I want to be clear, I’m not arguing that donating money is a bad thing. That model of service can be irrefutably valuable, especially in times of disaster or when immediate and temporary help is needed. There are organizations that use the fundraising model in an extremely mindful and intelligent way, building relationships with locals and constantly re-evaluating how their service lands. There are also organizations that actually establish themselves on the ground in the countries they’re serving — creating a foundation for the long-lasting relationships I am talking about.

But I would like to open a dialogue around the challenging issues I’ve brought up in this article — about the potential detriments of well-meaning service and whether selflessness exists at all.  Let’s hear what you think:

Do you think “selfless service” exists, or is it a misnomer we need to do away with altogether?

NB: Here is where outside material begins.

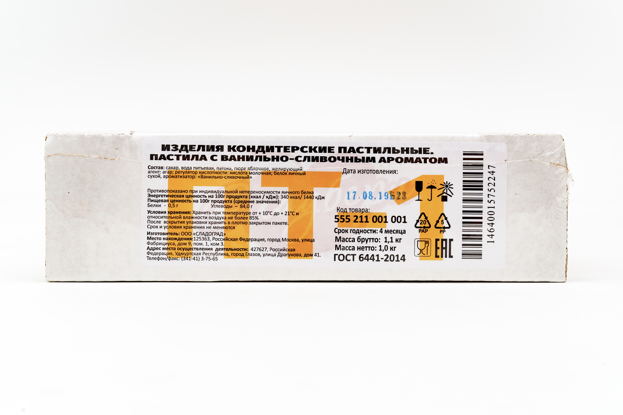 Сахар, вода, патока, пюре яблочное, желирующий агент: агар, регулятор кислотности: кислота молочная, белок яичный сухой, ароматизатор Ванильно-сливочный.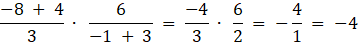 Wykonaj działanie, pamiętając o tym, że iloraz liczby ujemnej i dodatniej daje liczbę ujemną:

Have you ever see well-meaning attempts at service do harm? What went wrong, and how can we move toward something different?

via Yoga Modern

About Chelsea Roff

Chelsea Roff is a nationally-recognized author and speaker, and the Founder of Yoga for Eating Disorders. In September 2013, Chelsea raised $50,000 on the crowdfunding platform IndieGoGo to kickstart her non-profit, Yoga for Eating Disorders. The program is currently being offered in treatment centers and yoga studios around the country at no charge, and she is working with researchers at UC San Diego to evaluate the program’s effectiveness in treatment. Chelsea is known for her intelligent, inspiring, and tell-it-like-it-is speaking style, and for weaving together profound personal experiences with her scientific background to deliver deeply moving insights. After nearly losing her life to anorexia and a subsequent stroke when she was 15, she has became a national advocate for community-based mental health interventions. Her work was recently showcased by Sanjay Gupta on CNN, and she’s been keynote speaker at 92nd Street Y, The Omega Institute, and at various universities and conferences around the country. Chelsea currently lives in Venice, California, where she can be found cartwheeling across the beach, hiking in the mountains, and practicing yoga poses on her little pink scooter.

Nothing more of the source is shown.